Standard darts won’t harm enemies, but are indispensable when a distraction is needed. Smoke bombs, deadly traps and ‘terror’ darts add to the ninja’s arsenal, but all he really needs is the grapple (which allows for speedy platform traversal) and his trusty sword. Items can be upgraded and new techniques can be purchased after every stage, and while these make the proceedings just that little bit easier, they’re less important to the action than you might expect. The game throws an increasingly tough set of enemies in your direction – with dogs that can sniff you out of the shadows and one especially lethal enemy type who will actively hunt for you – and yet despite posing a stiff challenge at specific points, the game lends you enough powers to ensure that success is never out of reach.
Make no mistake, Mark of the Ninja can be tough going, and this is never more apparent than when faced with a hair-raising lock-in moment; these become memorable for entirely the wrong reasons and involve surviving for a set time under overwhelming odds. Dumb luck plays its part at these desperate times, but in a game that’s so content to let you control the pacing throughout, it’s a safe bet that such lapses will be forgiven by those determined enough to see them through. Keeping an eye on the noise circles is paramount to remaining undetected – timing a run poorly will betray your position, though this can also be used for distraction purposes.
As a master ninja you’re empowered yet never overpowered, and death will come swiftly to those who leap before they look. Running, sliding and grappling are all in a day’s work for our mute protagonist, though he might slip up on occasion when transitioning between a wall and a ceiling. Completionists will want to take advantage of his acrobatic skills as often as possible, exploring the world to find artefacts and well-hidden challenge rooms. Optional tasks request that certain criteria are met as you progress through the game, asking for a murderous spree one moment, and stealthy avoidance the next. You can bypass these objectives if you’re so inclined, and the many secrets and level select function encourage you to return later on, so you won’t need to feel guilty for rushing past them on your first playthrough.

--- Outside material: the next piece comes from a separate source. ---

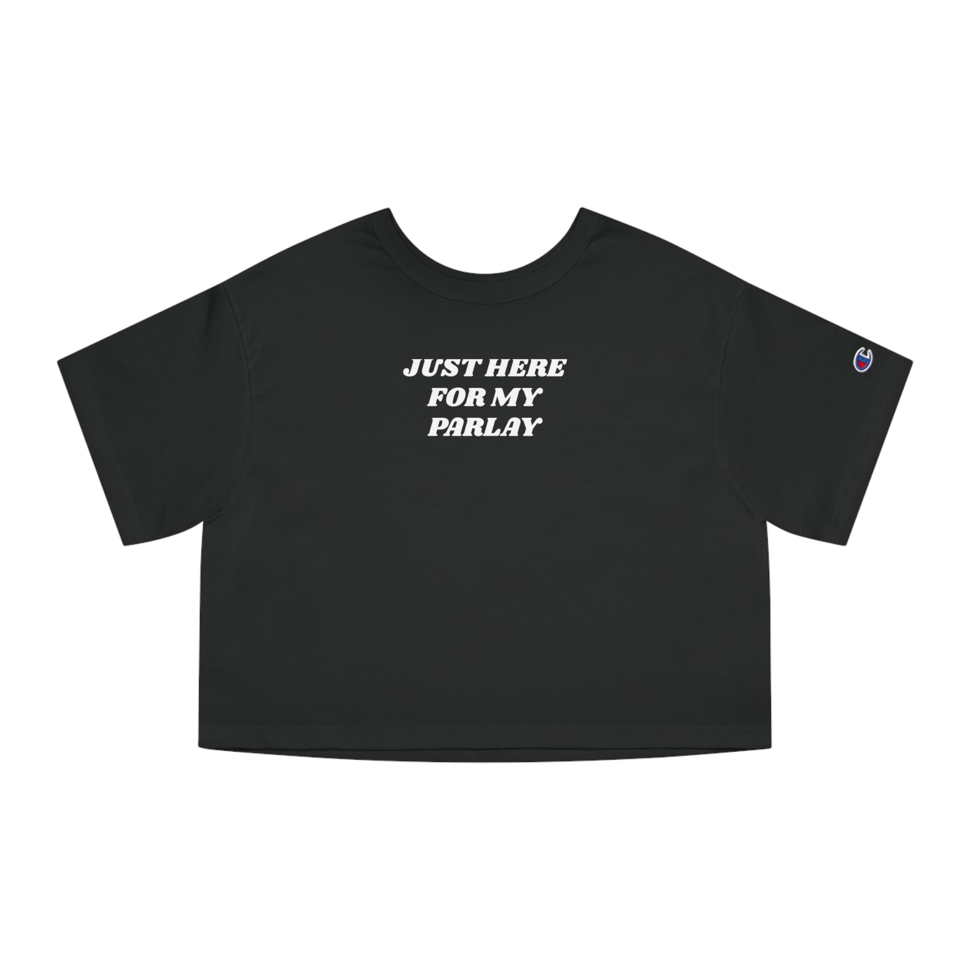 CHAMPION X JUST HERE FOR MY PARLAY WOMENS CROPPED TEE

A new game plus option is unlocked after the credits roll, offering a stiffer challenge as you take to the rooftops with your upgrades intact.
Having accepted his destiny as clan champion, the ninja’s tattoos grant him special powers at a terrible cost. It’s his burden to bear, as he attempts to take down a shady organisation headed by the wealthy Karajan. Female assistant, Ora, provides insight into the character motivations and performs some introductory hand-holding, updating the mission and suggesting methods of approach. There isn’t much in the way of story with disappointingly few of the animated cutscenes that provide the game its intrigue, and while the tale might raise a few questions later on, this is basic fare that only serves to push the hero forward.
The animations are smooth and the art style creates an atmosphere befitting the context. The problem is that presentation in Mark of the Ninja is so limited by the themes at work; if bright areas leave you exposed and shady areas represent safety, it might be wrong to criticise a game for relying on darkness so heavily. It’s far from a colourful game, and you’ll have had your fill of silhouettes and multi-tiered interiors by the time you’re done. Going deep underground can definitely leave you wanting for greener pastures, so it’s a shame that there isn’t greater variety in the way of locales.
As a pioneer of the side-scrolling stealth genre, Mark of the Ninja is a game for those who prefer to try for the silent kill rather than merrily hop in with a finger on the trigger. Having a plan come together on later missions will cause feelings of both elation and relief, though gamers who require that brutal action fix might want to look elsewhere. It can be overly dark, frustrating in places and the story leaves much to be desired, but Mark of the Ninja provides over seven hours of predatory pouncing and cleverly combines a sense of power with that of vulnerability. Flawed but rewarding, this is one mission that budding ninjas would be foolish to pass up.
8.0 – Great. An enjoyable experience, fans and newcomers of the genre will be entertained. Any noticeable flaws are largely outweighed by the positives.